Required action: Look in the data below for the line that has "Get exclusive merch, dedicated", then print exactly every line from there through the line that has "Features a visit", leaving pictures out.

Raw data:
*** Begin section ***

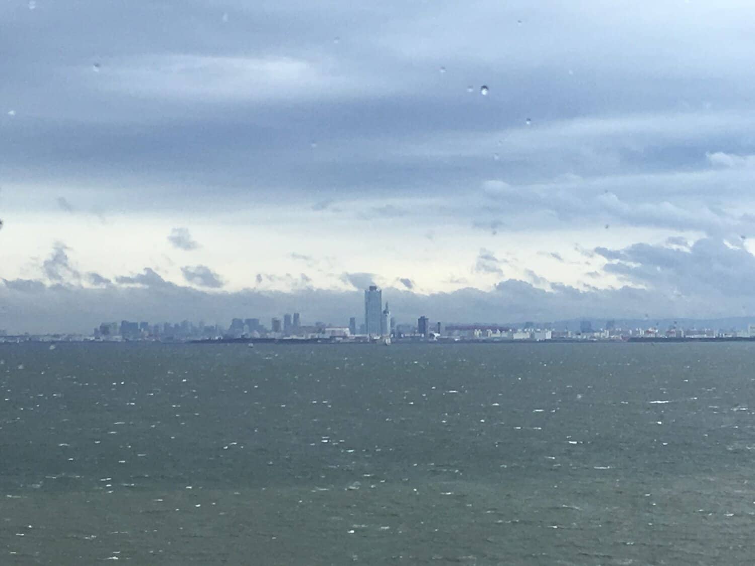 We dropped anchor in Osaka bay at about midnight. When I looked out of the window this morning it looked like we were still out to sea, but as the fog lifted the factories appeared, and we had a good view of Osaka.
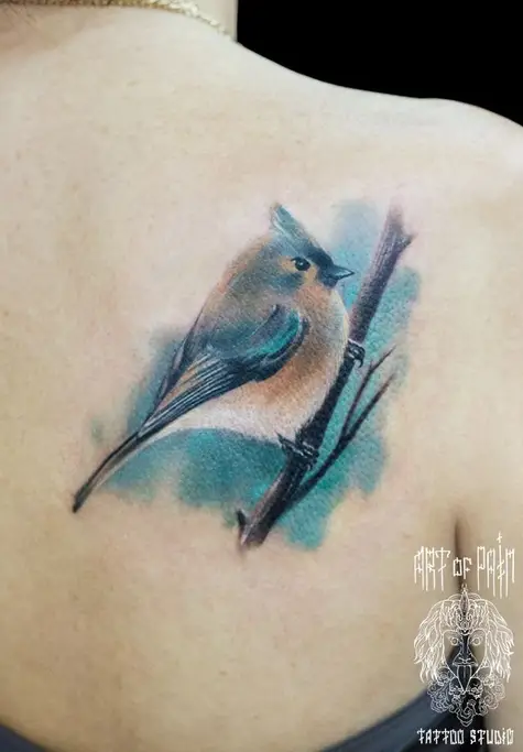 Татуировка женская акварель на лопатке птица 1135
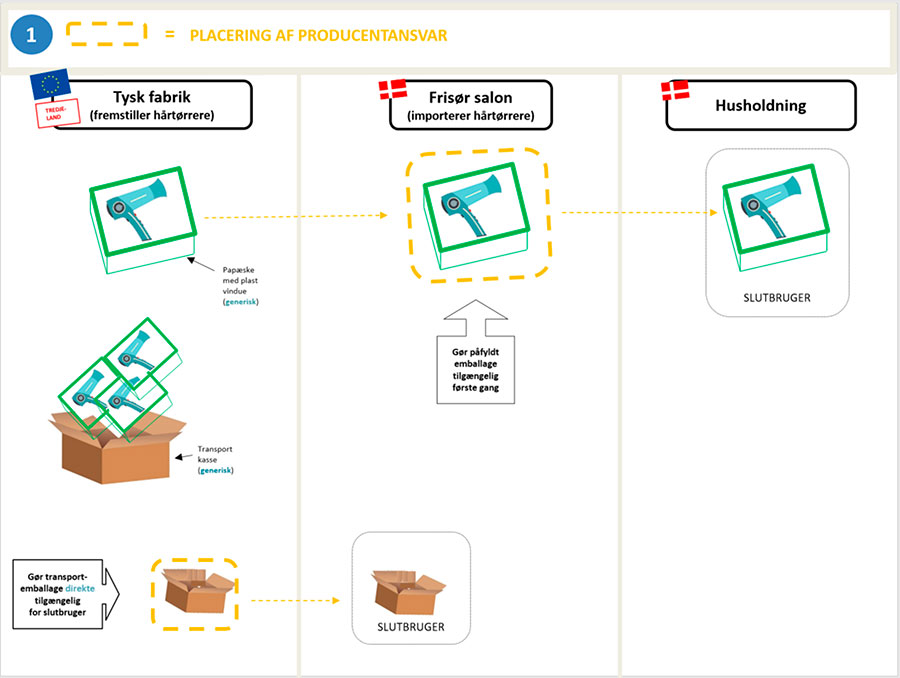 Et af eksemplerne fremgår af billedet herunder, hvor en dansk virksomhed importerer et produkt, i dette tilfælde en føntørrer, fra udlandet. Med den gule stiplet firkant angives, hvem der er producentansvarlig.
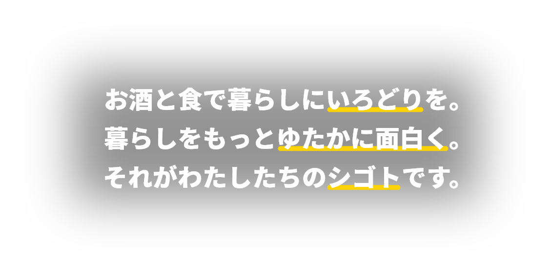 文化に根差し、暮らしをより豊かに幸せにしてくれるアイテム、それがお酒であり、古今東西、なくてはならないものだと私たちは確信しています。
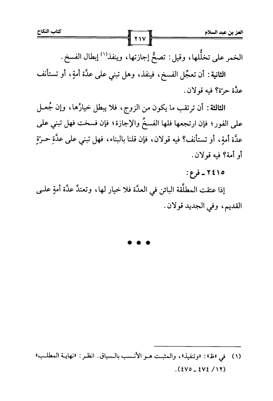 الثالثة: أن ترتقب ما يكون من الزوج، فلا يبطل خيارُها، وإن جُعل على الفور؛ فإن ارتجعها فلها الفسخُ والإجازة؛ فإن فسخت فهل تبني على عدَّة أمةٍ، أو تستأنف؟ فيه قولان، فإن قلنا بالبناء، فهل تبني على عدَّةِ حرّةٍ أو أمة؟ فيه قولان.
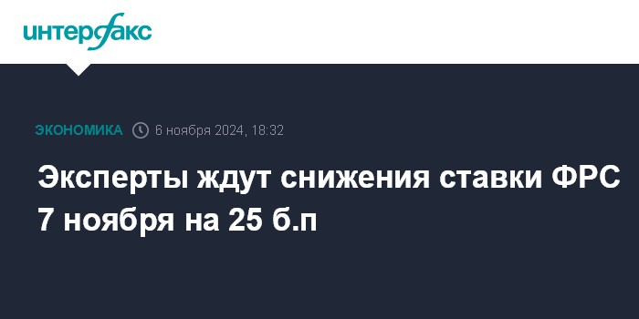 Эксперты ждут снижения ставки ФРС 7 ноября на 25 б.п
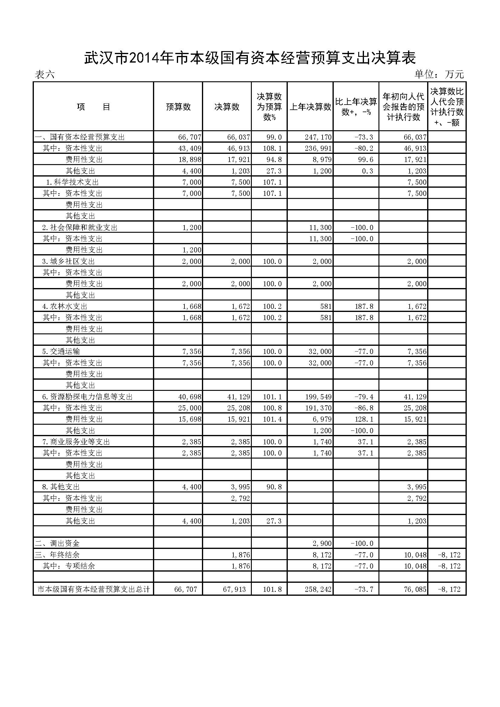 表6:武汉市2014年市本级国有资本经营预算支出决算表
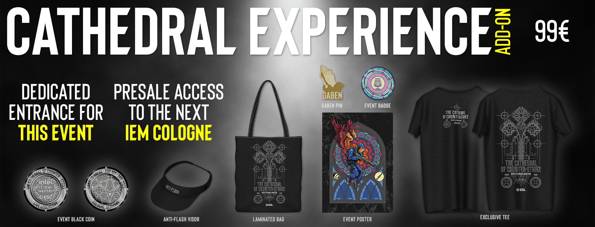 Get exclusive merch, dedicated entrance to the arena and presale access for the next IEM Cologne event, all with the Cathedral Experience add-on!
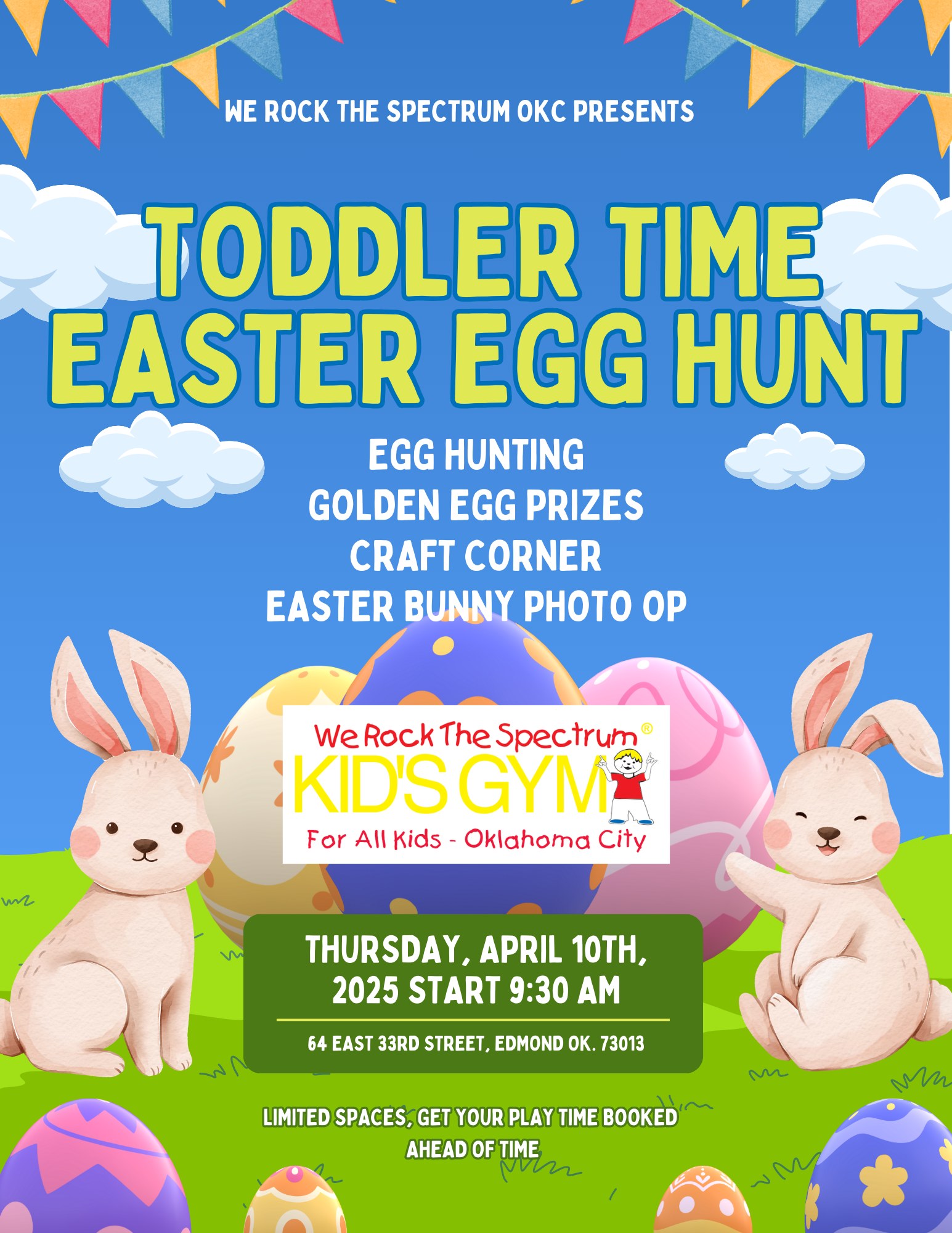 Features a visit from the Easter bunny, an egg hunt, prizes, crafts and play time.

*** End section ***
*** Begin section ***

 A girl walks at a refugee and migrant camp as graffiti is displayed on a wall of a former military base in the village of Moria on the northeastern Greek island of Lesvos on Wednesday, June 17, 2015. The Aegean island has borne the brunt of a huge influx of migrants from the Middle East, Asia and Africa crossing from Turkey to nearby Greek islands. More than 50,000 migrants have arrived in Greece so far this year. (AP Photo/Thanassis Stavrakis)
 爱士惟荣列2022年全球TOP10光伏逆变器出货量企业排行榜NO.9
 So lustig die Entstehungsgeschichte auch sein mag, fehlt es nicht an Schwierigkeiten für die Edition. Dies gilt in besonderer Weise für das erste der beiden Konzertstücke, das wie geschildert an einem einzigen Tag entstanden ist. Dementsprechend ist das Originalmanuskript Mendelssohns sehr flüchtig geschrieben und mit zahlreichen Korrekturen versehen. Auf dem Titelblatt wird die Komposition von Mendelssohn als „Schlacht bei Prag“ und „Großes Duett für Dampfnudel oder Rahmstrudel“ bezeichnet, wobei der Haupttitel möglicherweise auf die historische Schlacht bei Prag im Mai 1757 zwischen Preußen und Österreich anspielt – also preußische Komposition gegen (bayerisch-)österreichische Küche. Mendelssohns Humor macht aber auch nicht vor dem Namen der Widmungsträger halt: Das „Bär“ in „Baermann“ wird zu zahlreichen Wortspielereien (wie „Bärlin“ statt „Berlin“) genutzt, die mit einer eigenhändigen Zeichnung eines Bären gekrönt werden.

*** End section ***

Solution:
 Get exclusive merch, dedicated entrance to the arena and presale access for the next IEM Cologne event, all with the Cathedral Experience add-on!
 Features a visit from the Easter bunny, an egg hunt, prizes, crafts and play time.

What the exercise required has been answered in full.